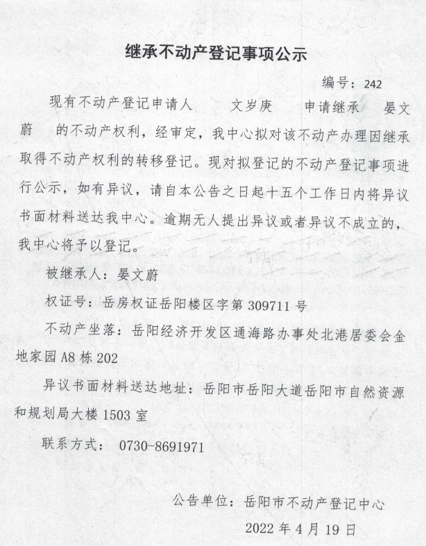 继承不动产登记公示 编号:(文岁庚)
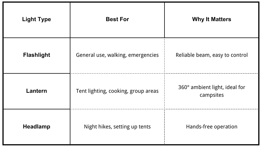 Each light type serves a unique purpose—flashlights for control, lanterns for ambiance, and headlamps for hands-free tasks. If you're aiming for both safety and comfort, a well-balanced mix of all three is your best bet.
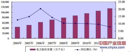 2004-2012年中國電力裝機(jī)容量及其變化趨勢
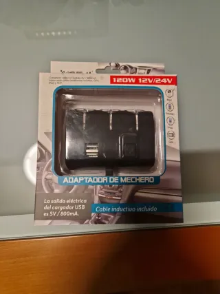 Adaptador de mechero para coche con múltiples puertos USB. - Salida eléctrica del cargador USB: 5V / 800mA. - Voltaje de entrada: 12V/24V. - Potencia máxima: 120W. - Incluye cable inductivo.
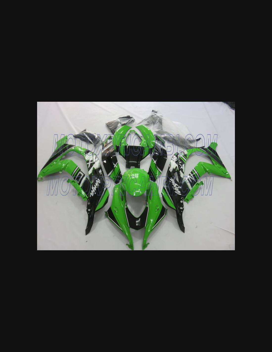 The fairing kit includes: front upper part, side fairings right and left, lower fairing right and left, back seat, front fender and all eventual internal black plastics.
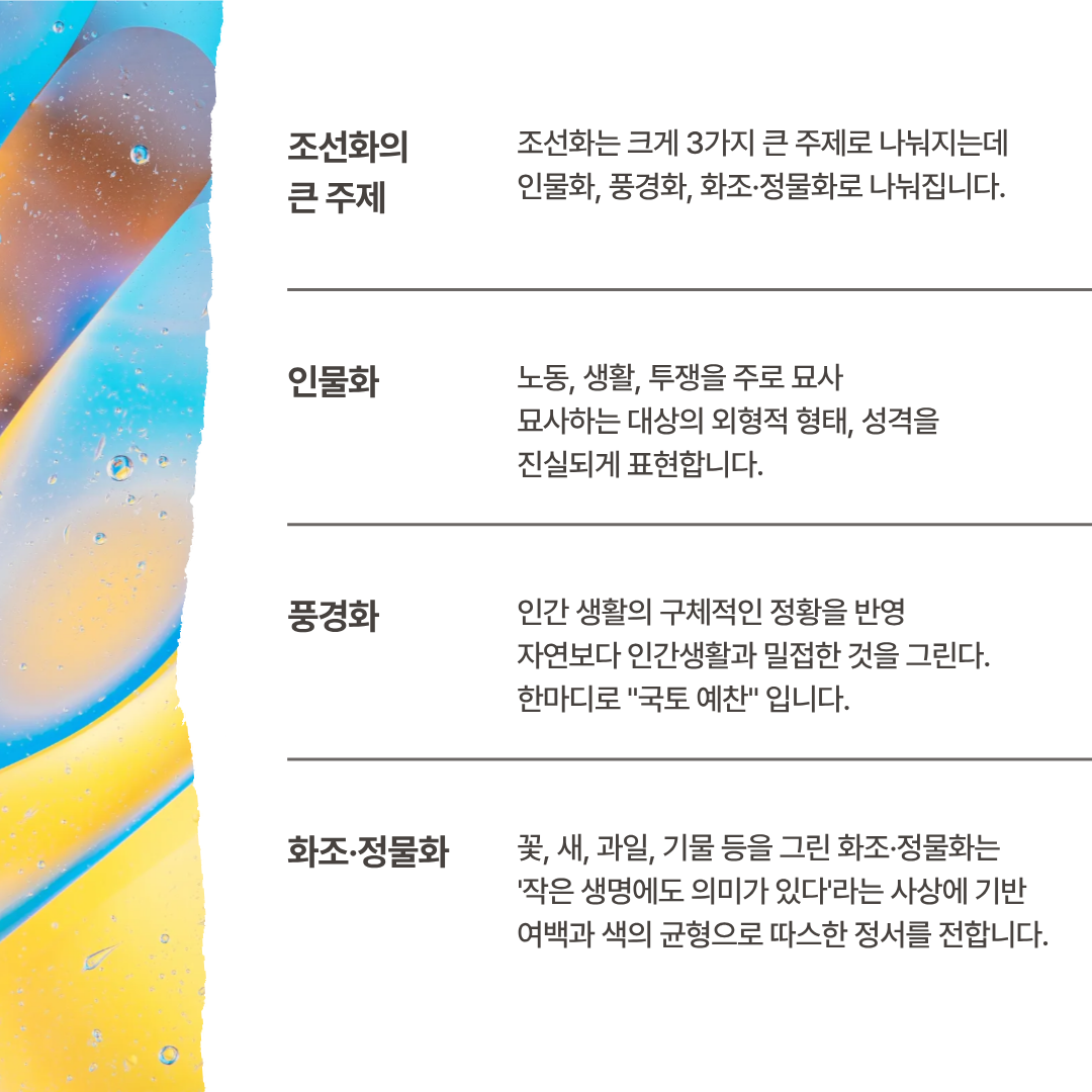 그중에서도 조선화는 선명하면서도 간결하고 섬세한 화법으로
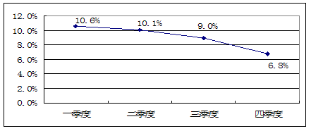 08半年中国经济增长开始放缓,GDP同比增长10.4%,比去年同期回落1.8个百分点;居民消费价格水平上涨7.9%。这表明“防过热”已见效,但物价涨幅较高仍未得到有效控制。
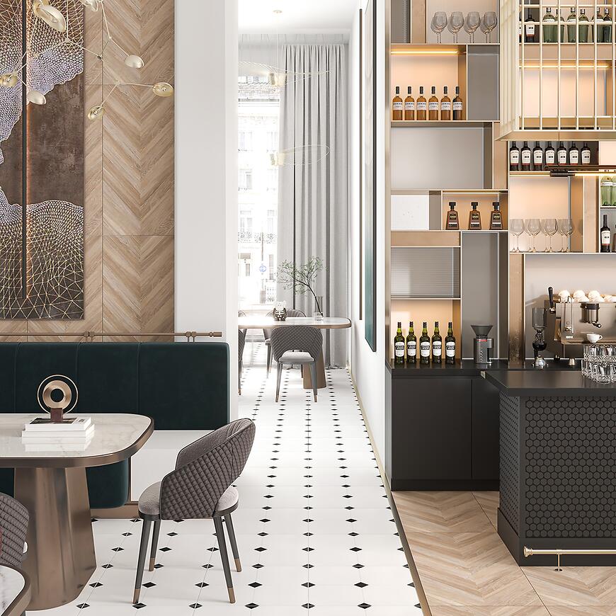 Płytka bazowa Gres Avigion Black-White o wymiarach 58x58 cm doskonale sprawdza się zarówno na podłodze, jak i ścianie. Jej uniwersalny charakter umożliwia tworzenie eleganckich aranżacji w domach, biurach i przestrzeniach komercyjnych. Odporność na zmienne warunki atmosferyczne pozwala zastosować ją również na tarasach i balkonach.
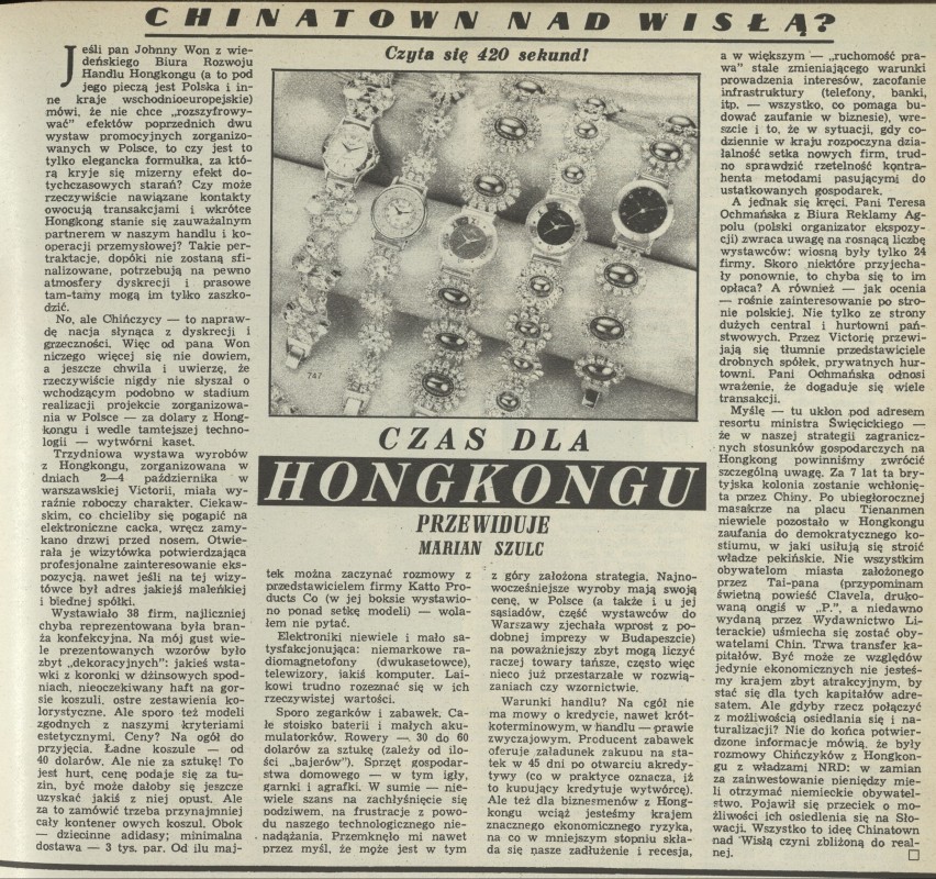 Archiwum / Artykuł nr 2364 (23/1990) 08/48 Podziel się Tytuł Czas dla Hongkongu Autor Marian Szulc Kategoria Artykuł Artykuł z numeru 2364 (2365/1990) Data wydania 14 października 1990 Tagi Chiny handel
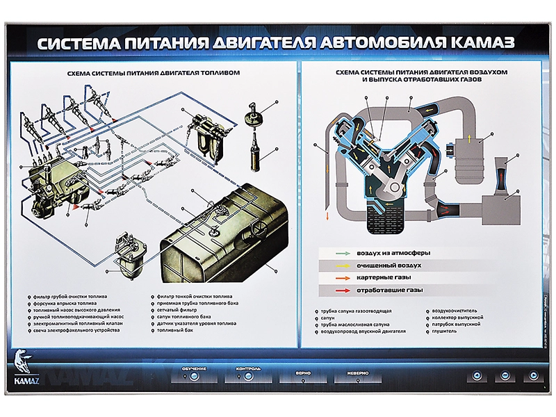 Интерактивный стенд предназначен для наглядного изучения системы питания двигателя автомобиля КамАЗ.
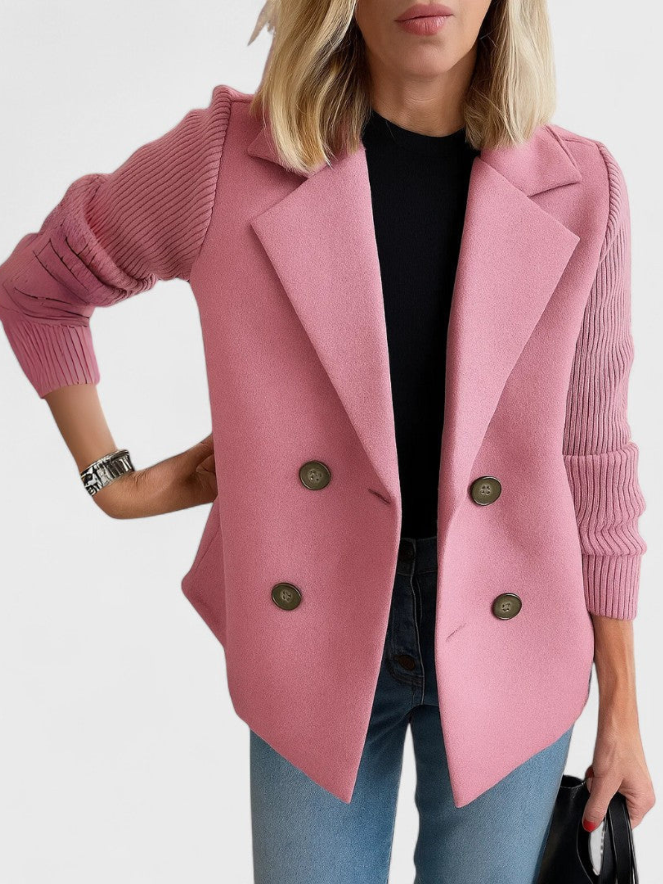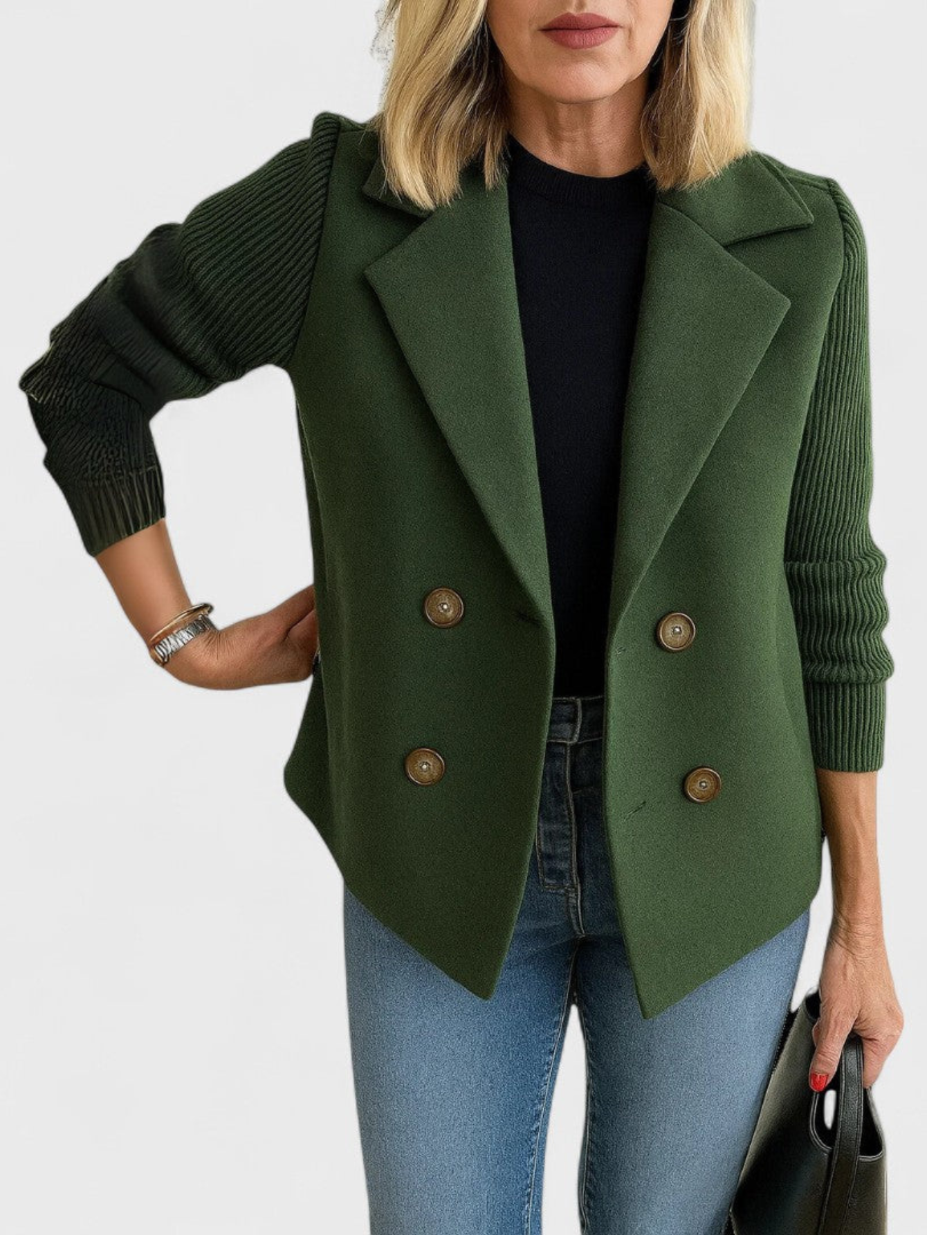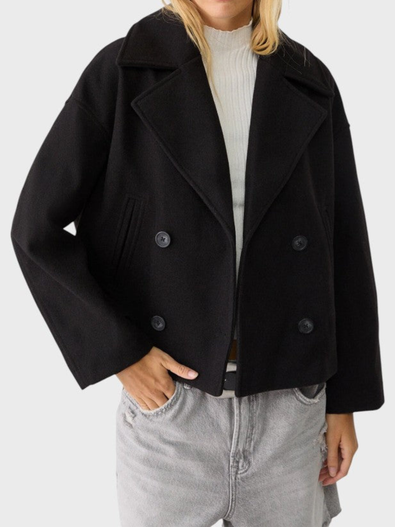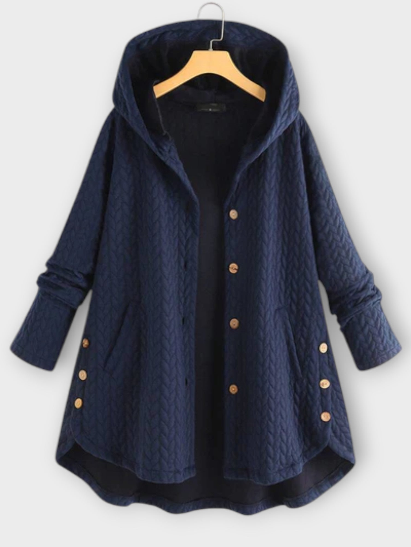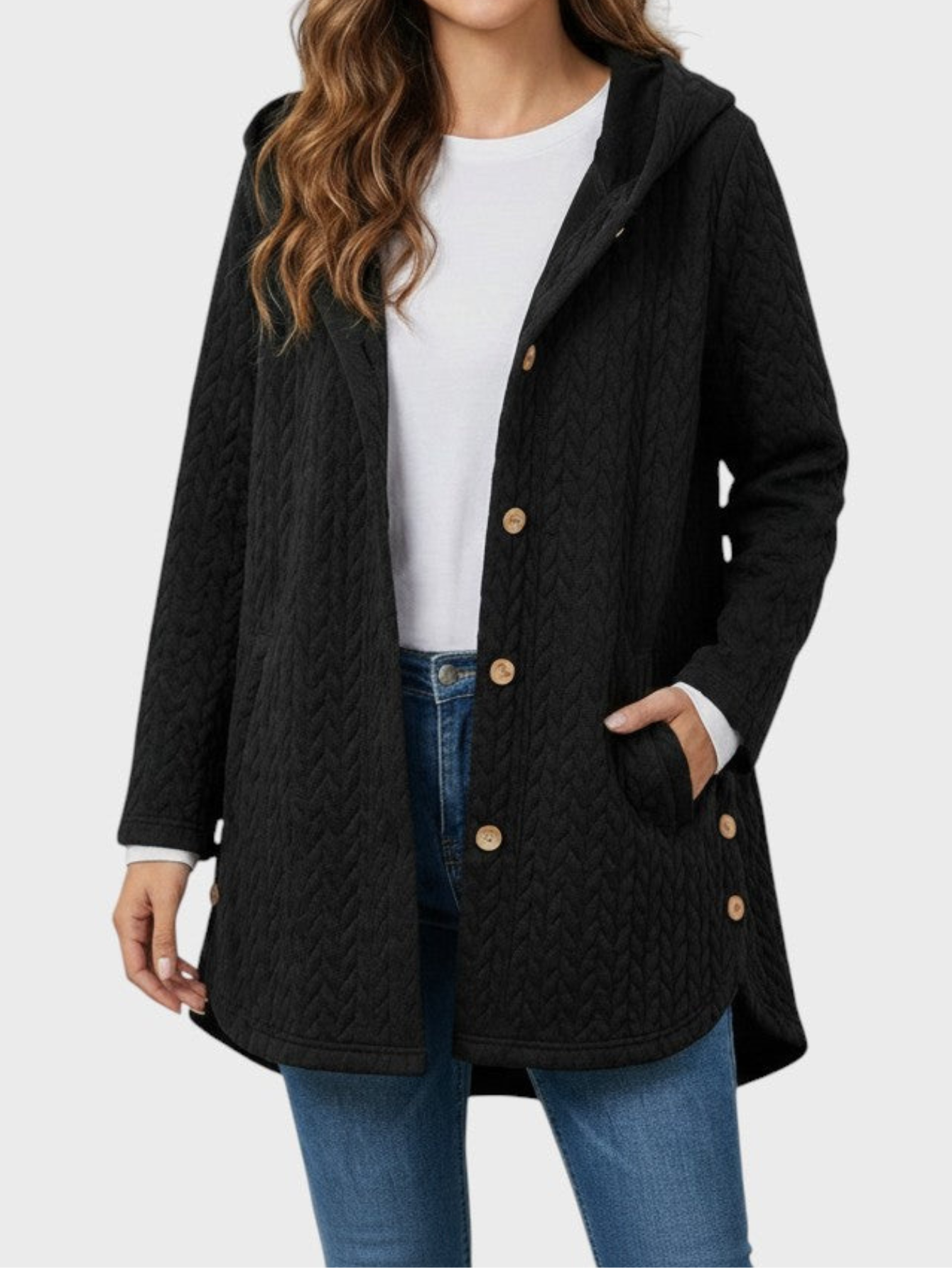 - Relaxed open-front design for effortless layering
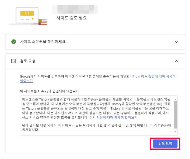 이제 사이트 검토 요청 버튼만 클릭하면 완료입니다!
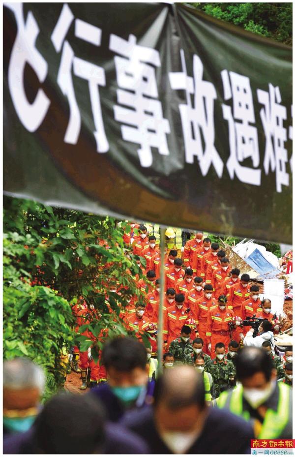 3月27日下午,“3·21”东航MU5735航空器飞行事故遇难者集体哀悼活动在事发地搜救现场举行,对遇难者表示哀悼。新华社发
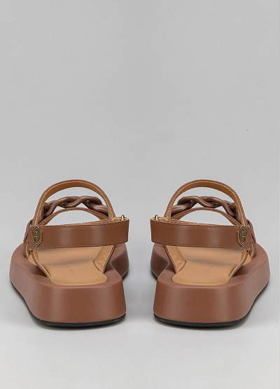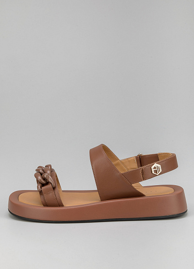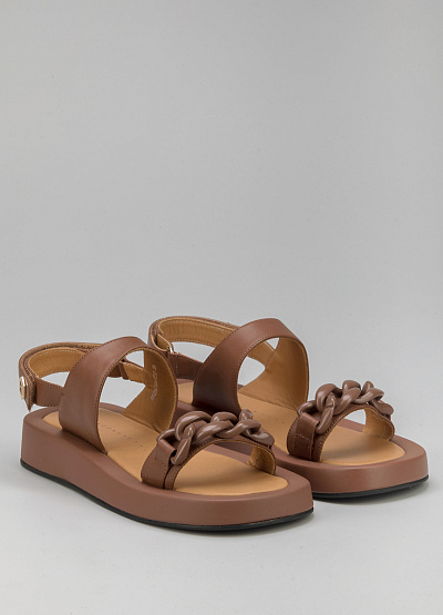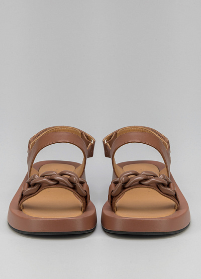 • Женские сандалии коричневого цвета из натуральной кожи от бренда Franco Manatti. Модель с двумя широкими перемычками. Декор в виде цепи. Застежка-ремешок. Плоская подошва.
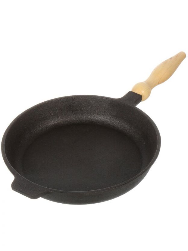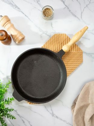 - Оптимальный размер 24 см, толстое дно 5 мм и чугун без покрытия — для равномерного прогрева и долговечности
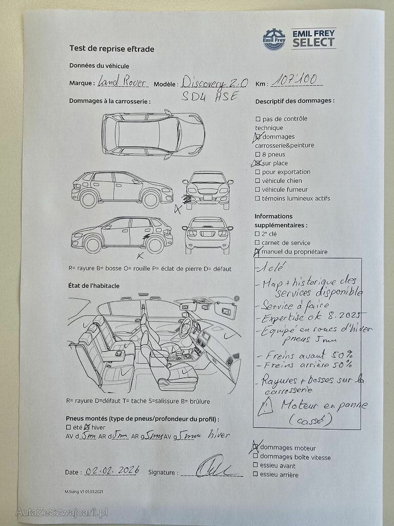 | Information | 1 clé Map + historique des services disponible Service à faire Expertise ok 19.08.2025 Equipé en roues d'hiver pneus 5mm Freins avant 50 % Freins arrière 50 % Rayures et bosses sur la carrosserie Défaut moteur ( casser ) |
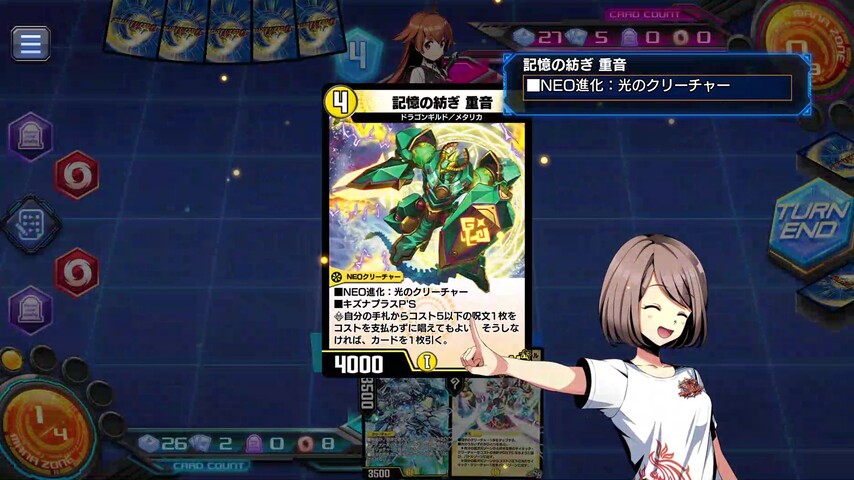 《記憶の紡ぎ 重音》のシールドブレイクでシールド差をつける事ができるため、次ターンに《雷電の覚醒者グレート・チャクラ》へと覚醒させられます。

> _Work task_
Write out again, exactly, the lines from the start of the listing up to the line containing "2004-2012年中國電力裝機(jī)容量及其變化趨勢", with both ends and without pictures.

> _Your solution_
 继承不动产登记公示 编号:(文岁庚)
 Each light type serves a unique purpose—flashlights for control, lanterns for ambiance, and headlamps for hands-free tasks. If you're aiming for both safety and comfort, a well-balanced mix of all three is your best bet.
 2004-2012年中國電力裝機(jī)容量及其變化趨勢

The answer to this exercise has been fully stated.